The material below is to be copied exactly from the line with "接着会打开一个 回退到时早期版本 - 你需要领会的内容" up to and including the line with "本站音书,凭证天眼查APP走", with nothing else kept and no pictures.

• **Exercise materials**
• • •

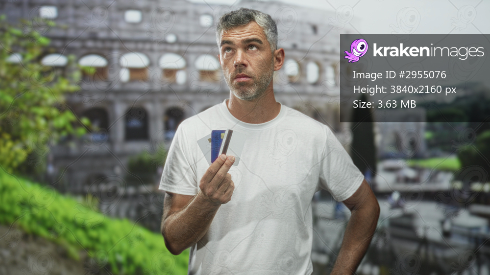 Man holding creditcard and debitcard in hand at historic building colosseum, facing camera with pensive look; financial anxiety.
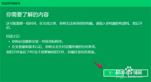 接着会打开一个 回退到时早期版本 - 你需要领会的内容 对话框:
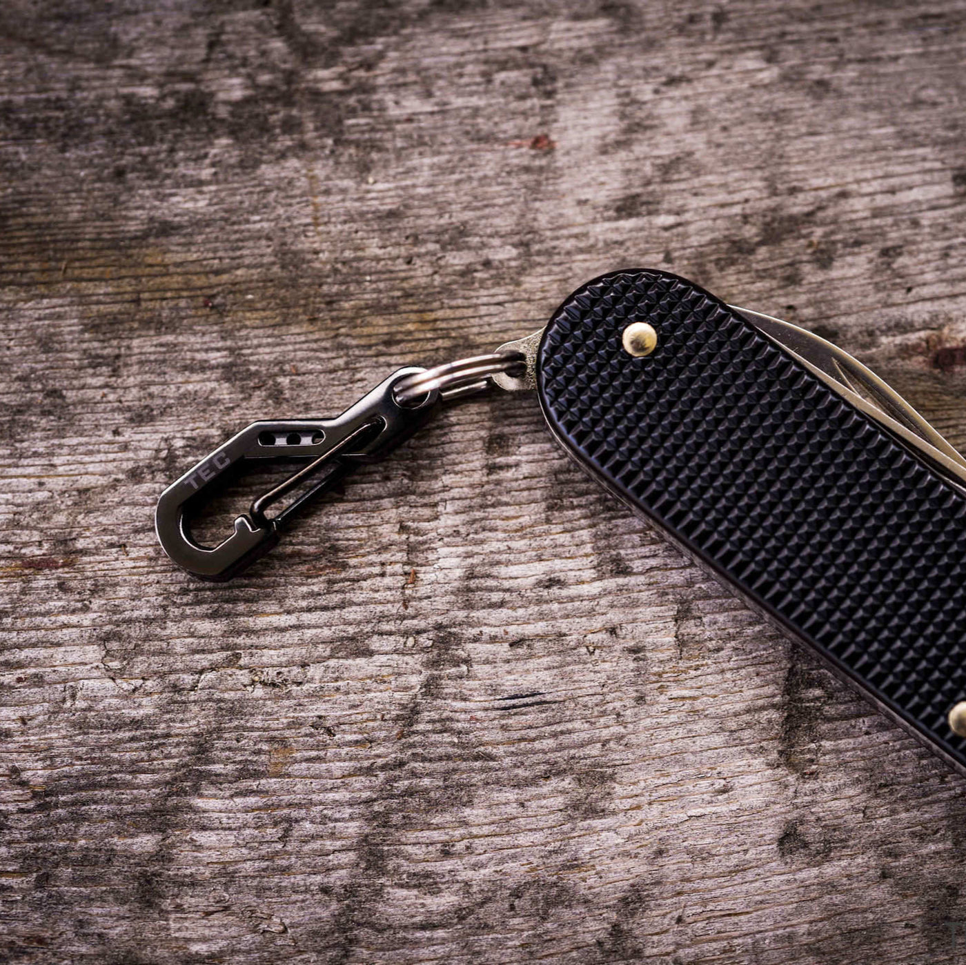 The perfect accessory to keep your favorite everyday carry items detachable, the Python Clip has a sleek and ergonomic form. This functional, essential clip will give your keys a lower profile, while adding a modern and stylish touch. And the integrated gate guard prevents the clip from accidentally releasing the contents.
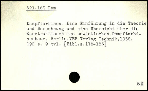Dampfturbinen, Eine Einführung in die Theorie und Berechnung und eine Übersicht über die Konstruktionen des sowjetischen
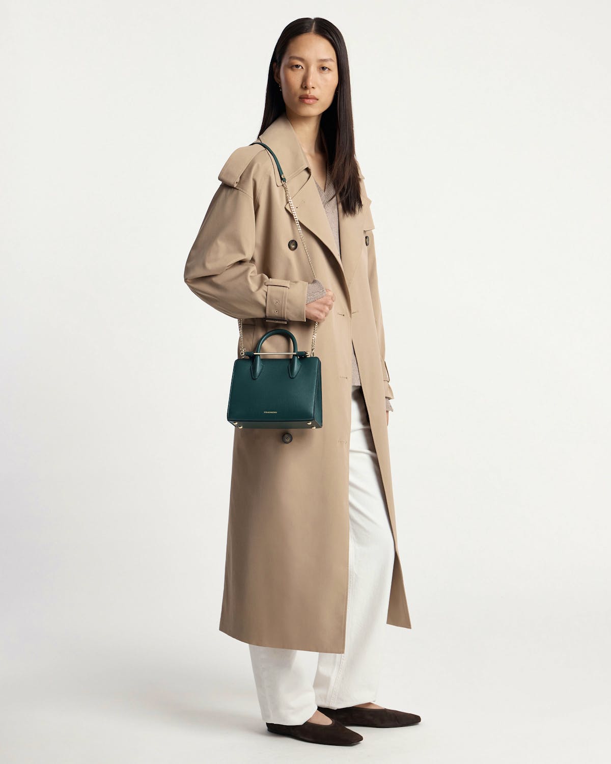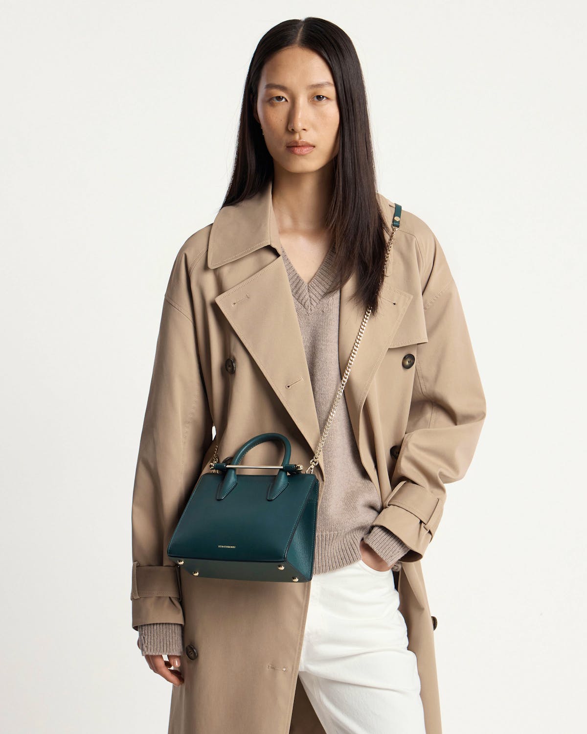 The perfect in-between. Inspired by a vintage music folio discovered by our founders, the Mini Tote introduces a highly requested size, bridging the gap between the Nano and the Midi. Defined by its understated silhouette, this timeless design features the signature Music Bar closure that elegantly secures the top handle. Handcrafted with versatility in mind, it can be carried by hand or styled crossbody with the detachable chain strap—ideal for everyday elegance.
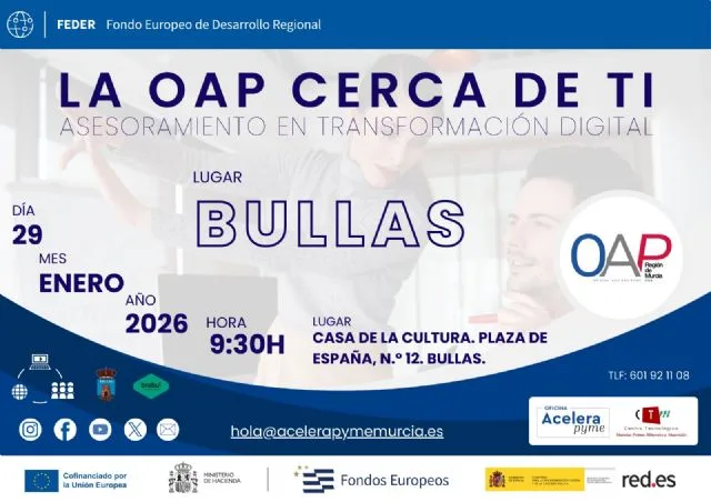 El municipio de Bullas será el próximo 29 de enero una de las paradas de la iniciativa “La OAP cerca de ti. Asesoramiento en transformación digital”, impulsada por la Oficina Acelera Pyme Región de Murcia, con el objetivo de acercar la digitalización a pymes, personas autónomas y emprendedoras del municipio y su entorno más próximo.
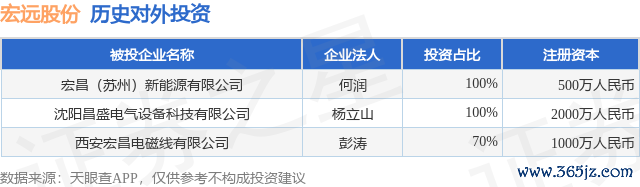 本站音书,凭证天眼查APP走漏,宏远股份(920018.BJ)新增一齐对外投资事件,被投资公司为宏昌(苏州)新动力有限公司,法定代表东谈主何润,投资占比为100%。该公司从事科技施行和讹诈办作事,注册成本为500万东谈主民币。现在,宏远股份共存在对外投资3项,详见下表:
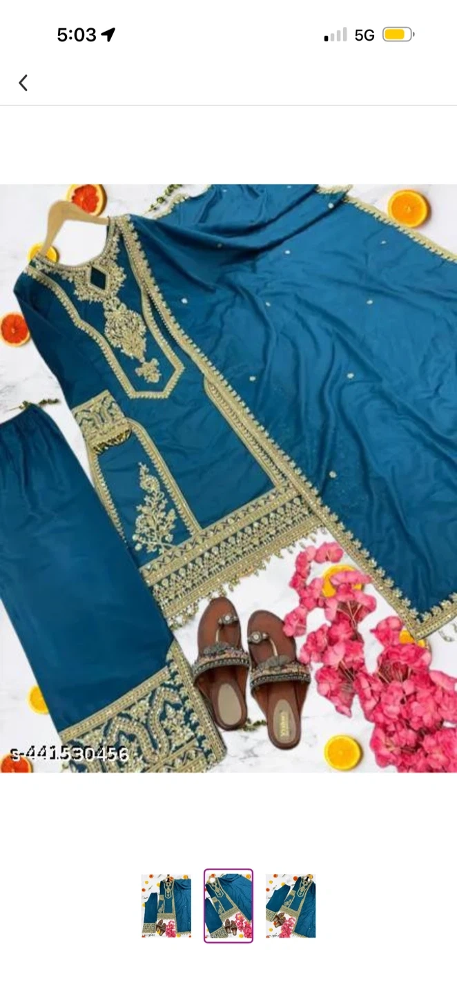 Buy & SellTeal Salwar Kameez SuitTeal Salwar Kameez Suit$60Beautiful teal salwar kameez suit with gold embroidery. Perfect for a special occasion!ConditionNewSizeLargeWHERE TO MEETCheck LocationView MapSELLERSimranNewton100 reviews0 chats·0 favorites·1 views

• • •

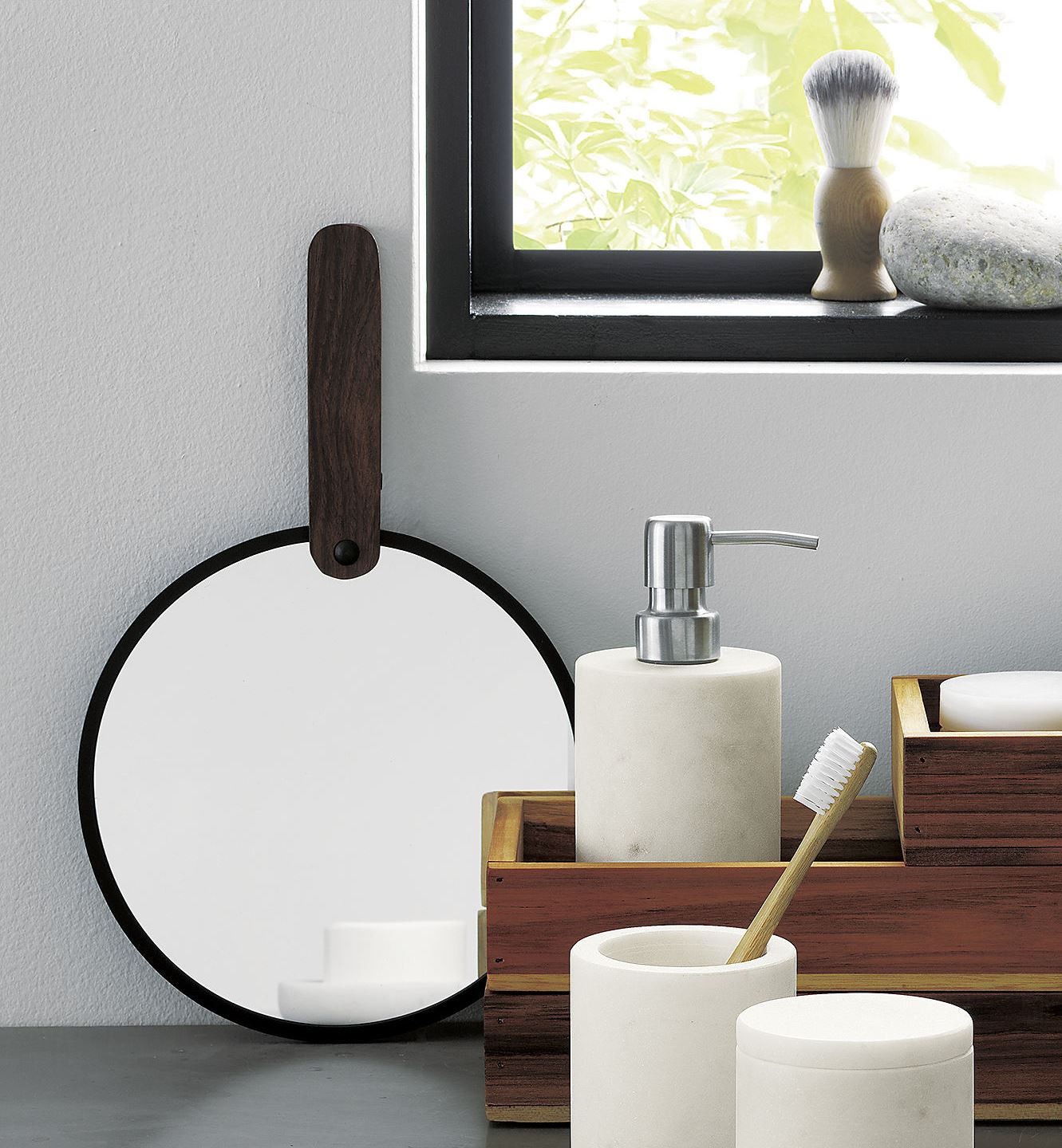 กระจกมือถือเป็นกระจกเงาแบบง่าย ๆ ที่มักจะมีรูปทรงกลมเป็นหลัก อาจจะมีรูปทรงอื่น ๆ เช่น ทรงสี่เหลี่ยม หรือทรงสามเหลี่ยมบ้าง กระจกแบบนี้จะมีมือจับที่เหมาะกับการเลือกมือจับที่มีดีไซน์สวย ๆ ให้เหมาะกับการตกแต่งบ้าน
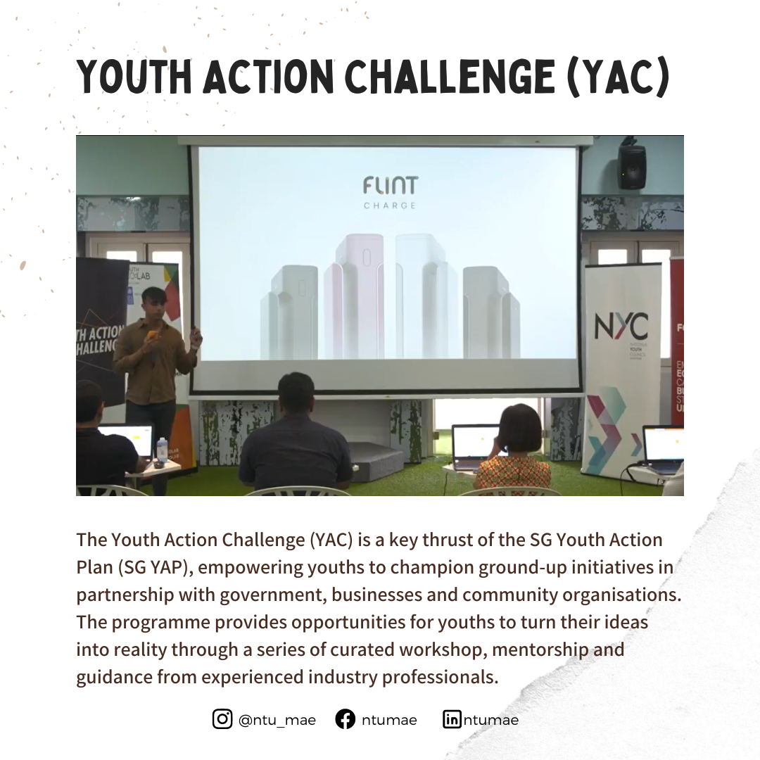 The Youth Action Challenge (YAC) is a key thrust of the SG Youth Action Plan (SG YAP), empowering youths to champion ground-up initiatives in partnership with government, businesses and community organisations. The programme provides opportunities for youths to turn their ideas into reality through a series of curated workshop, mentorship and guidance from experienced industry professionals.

• • •

• **Result for this exercise**
 接着会打开一个 回退到时早期版本 - 你需要领会的内容 对话框:
 The perfect accessory to keep your favorite everyday carry items detachable, the Python Clip has a sleek and ergonomic form. This functional, essential clip will give your keys a lower profile, while adding a modern and stylish touch. And the integrated gate guard prevents the clip from accidentally releasing the contents.
Dampfturbinen, Eine Einführung in die Theorie und Berechnung und eine Übersicht über die Konstruktionen des sowjetischen
 The perfect in-between. Inspired by a vintage music folio discovered by our founders, the Mini Tote introduces a highly requested size, bridging the gap between the Nano and the Midi. Defined by its understated silhouette, this timeless design features the signature Music Bar closure that elegantly secures the top handle. Handcrafted with versatility in mind, it can be carried by hand or styled crossbody with the detachable chain strap—ideal for everyday elegance.
 El municipio de Bullas será el próximo 29 de enero una de las paradas de la iniciativa “La OAP cerca de ti. Asesoramiento en transformación digital”, impulsada por la Oficina Acelera Pyme Región de Murcia, con el objetivo de acercar la digitalización a pymes, personas autónomas y emprendedoras del municipio y su entorno más próximo.
 本站音书,凭证天眼查APP走漏,宏远股份(920018.BJ)新增一齐对外投资事件,被投资公司为宏昌(苏州)新动力有限公司,法定代表东谈主何润,投资占比为100%。该公司从事科技施行和讹诈办作事,注册成本为500万东谈主民币。现在,宏远股份共存在对外投资3项,详见下表:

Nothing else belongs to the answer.